The sixteen-volume Handbook of Middle American Indians, completed in 1976, has been acclaimed the world over as the single most valuable resource ever produced for those involved in the study of Mesoamerica. When it was determined in 1978 that the Handbook should be updated periodically, well-known cultural anthropologist Victoria Reifler Bricker was selected to be general editor.

This second volume of the Supplement is devoted to Mesoamerican languages. It differs in both scope and content from its forerunner, Volume 5 of the Handbook of Middle American Indians: Linguistics, which presents a general survey of Middle American linguistics and descriptions of Classical Nahuatl, Yucatec, Quiche, Popoluca, Zapotec, Mazatec, Pame, and Chontal de Oaxaca.
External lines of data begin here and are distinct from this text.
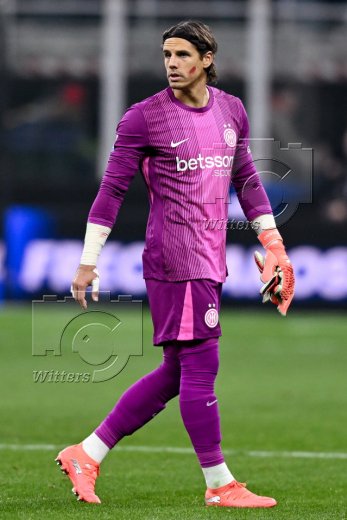Torwart Yann Sommer (Inter), roter Fleck auf der Wange, als Zeichen gegen Gewalt an Frauen
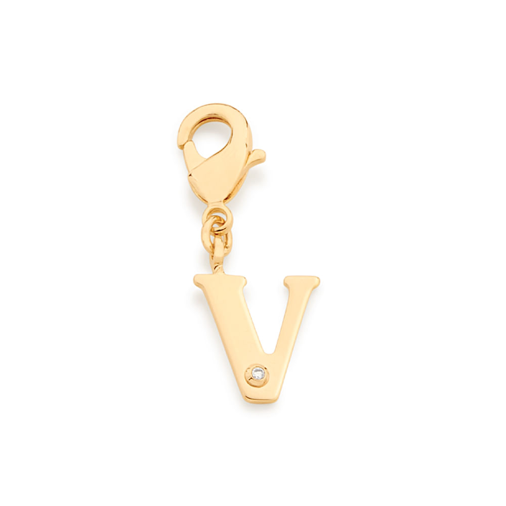 BERLOQUE LETRA BANHADO A OURO 18K COM ZIRCÔNIA-LETRA V - TAM.ÚNICO 5423940065
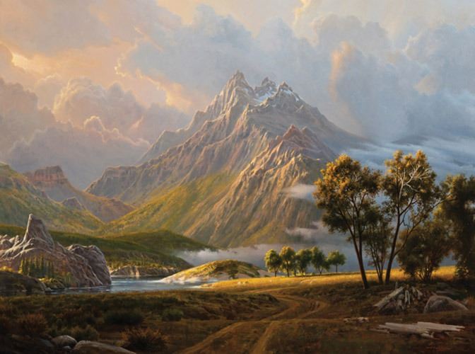 Bill Hughes’s monumental Western landscapes evoke a feeling as much as they describe a place. Working in the Hudson River School tradition as it was transplanted to and transformed by the vistas of the American West—consider Albert Bierstadt, Frederic Church, Thomas Moran, and Thomas Hill, for example—Hughes finds the spirituality in his highly detailed, realistic depictions of places that are, often in large measure, imaginative. Humans and animals moving through and at one with panoramas of bold light splashing on and edging even bolder colors wrought into trees, mountains, rocks, water—these, it seems, constituted Bill Hughes’s artistic aims.

The aim of the present volume is to provide detailed sketches of five additional languages: Mixe, Chichimeco Jonaz, Choltí, Tarascan, and Huastec. All the grammatical sketches deal with the phonology, morphology, and syntax of the languages treated; most cover discourse as well. Taken together, these new essays represent a substantial enrichment of the earlier Handbook volume on linguistics. Alone, the Supplement stands as an invaluable reference guide for all who are interested in learning about these important and heretofore poorly treated languages of Middle America.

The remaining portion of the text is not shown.